Secondo Legambiente, la tesi della riserva fredda non regge su tre piani:
1) Piano industriale e autorizzativo
Non è chiaro quale legame concreto possa esserci tra una presunta emergenza (che si lascia intendere collegata al mercato del gas) e l’assetto industriale di centrali a carbone ormai dismesse o in dismissione, né come questa ipotesi si concili con gli iter e le prescrizioni delle “Autorizzazioni Integrate Ambientali (AIA)”.
2) Piano energetico e di contesto
Evocare scenari di emergenza sul gas oggi appare del tutto ipotetico, soprattutto se si considerano l’andamento delle forniture possibili e la dinamica dei consumi nazionali. Resta invece urgente intervenire sulle distorsioni del mercato, a partire dall’anomalia di un prezzo del gas fortemente influenzato dalla borsa di Amsterdam, ma questo non può diventare l’alibi per rinviare la transizione nei territori.
3) Piano tecnico-territoriale
Tenere “in riserva” un impianto significa, di fatto, prolungarne la vita e bloccare lo sviluppo alternativo delle aree coinvolte: bonifiche, reindustrializzazione e nuovi investimenti finiscono in attesa, con un costo sociale e ambientale che ricade sul territorio.

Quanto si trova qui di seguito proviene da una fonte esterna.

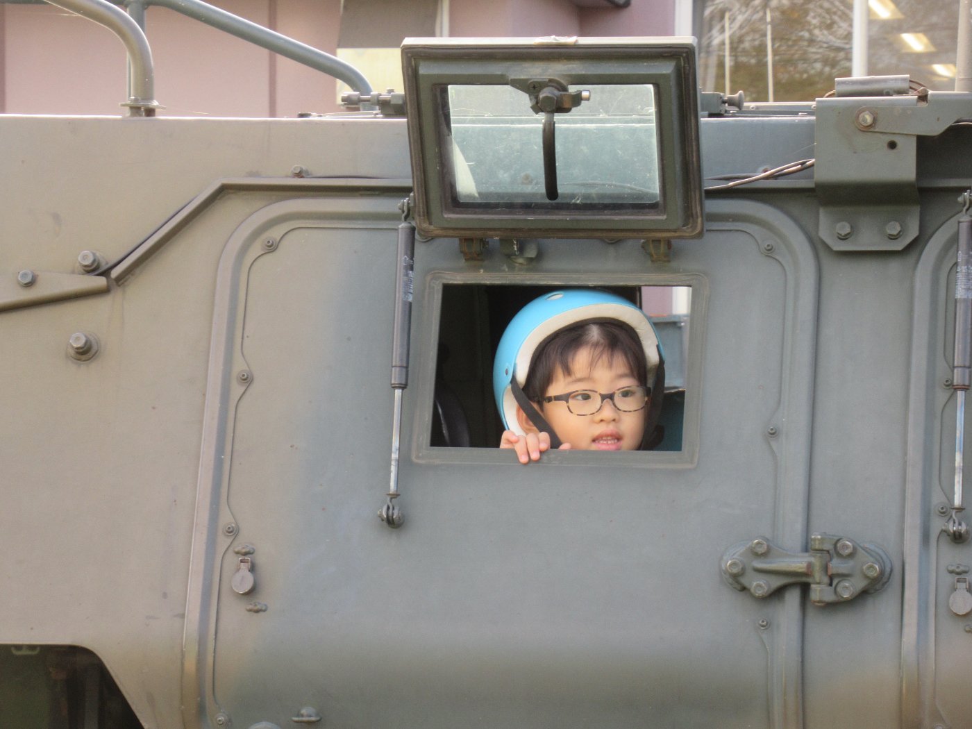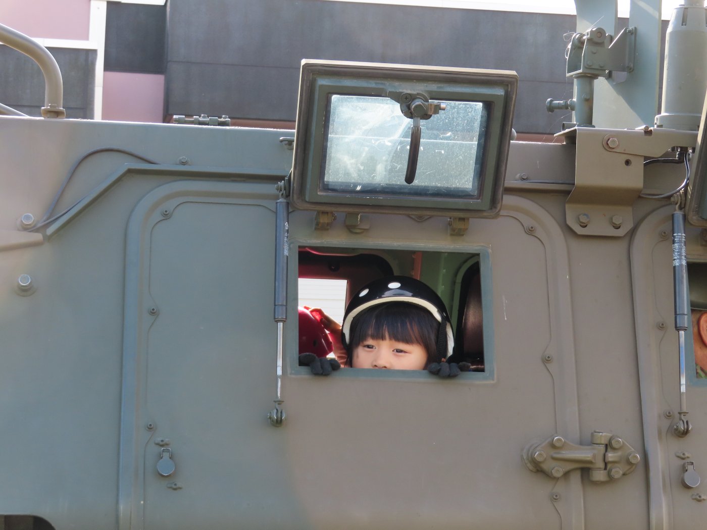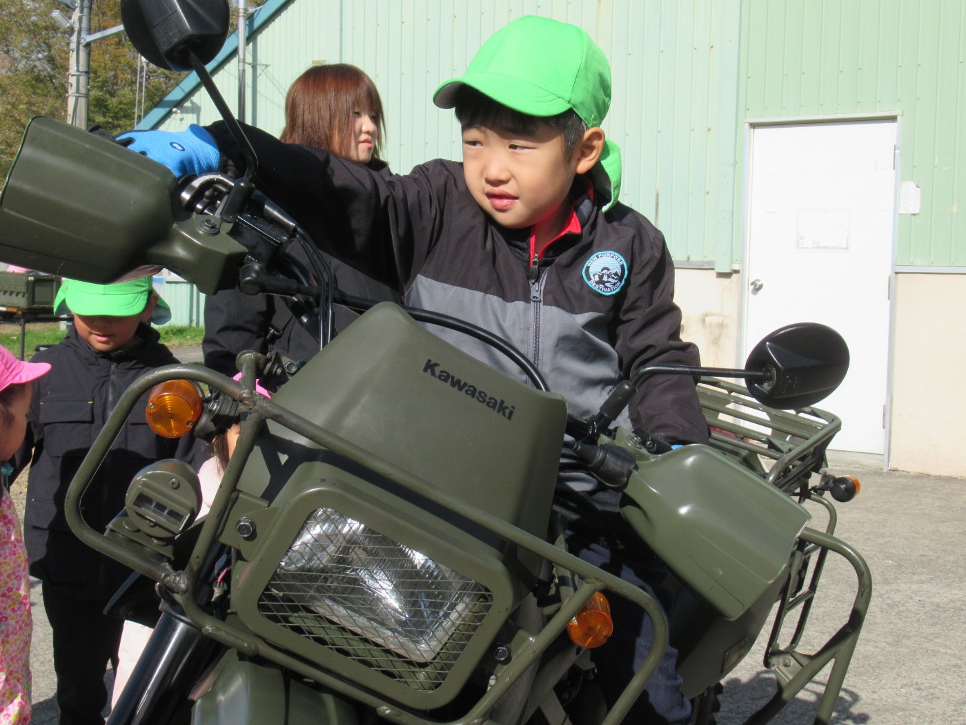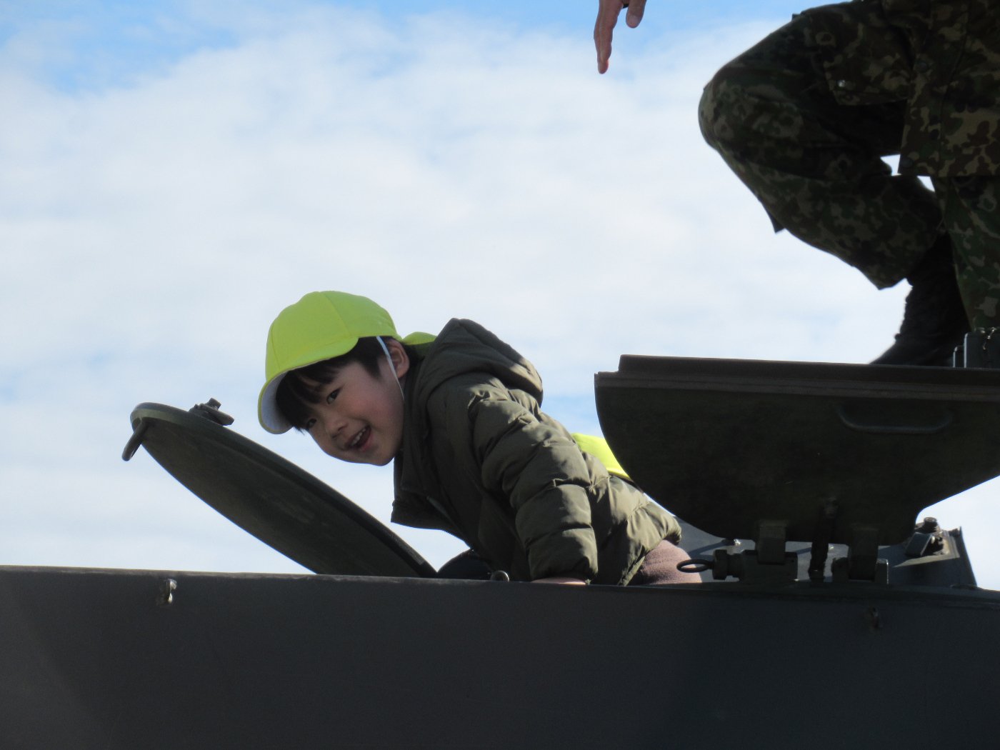 初めて駐屯地の敷地内に入った子も、記念行事で足を運んだことがある子も、目に映るもの全てのもの・ことに興味深々の様子でした。自衛隊といえば、姿勢正しい礼儀や機敏・迅速な動作! 挨拶を交わした後は、さっそく、号令を受けて姿勢を変える・行動を起こすなどの『基本教練』を見せていただきました。揃っている動作や無駄のない動き、5段階もの動作がある匍匐(ほふく)前進を見て、感動の声を上げていました。続いて、展示している戦車やオートバイを間近に見学・試乗、現役の装甲車にも試乗体験!敷地内を走行してもらい、大興奮の子ども達でした。最後は、自衛官さんをお手本に『基本教練』や『匍匐(ほふく)前進』も体験しました。同じように「できた~⤴⤴」と自己肯定感高めな子ども達でしたよ(^^♪

Legambiente richiama il Governo a due responsabilità immediate e non rinviabili:
a) Ammortizzatori sociali per l’indotto
La priorità non riguarda i circa 340 occupati diretti della centrale – che non sono il punto critico – ma i circa 400 lavoratori dell’indotto che rischiano di pagare il prezzo più alto della transizione se non governata con strumenti adeguati.
b) Accelerare l’Accordo di Programma e le 61 manifestazioni di interesse
Occorre imprimere un’accelerazione netta alla valutazione e alla realizzazione delle 61 manifestazioni di interesse presentate nell’ambito dell’accordo di programma per il riconoscimento di Brindisi come area di crisi complessa. Il tempo degli annunci è finito: servono cronoprogrammi, risorse, responsabilità chiare e cantieri.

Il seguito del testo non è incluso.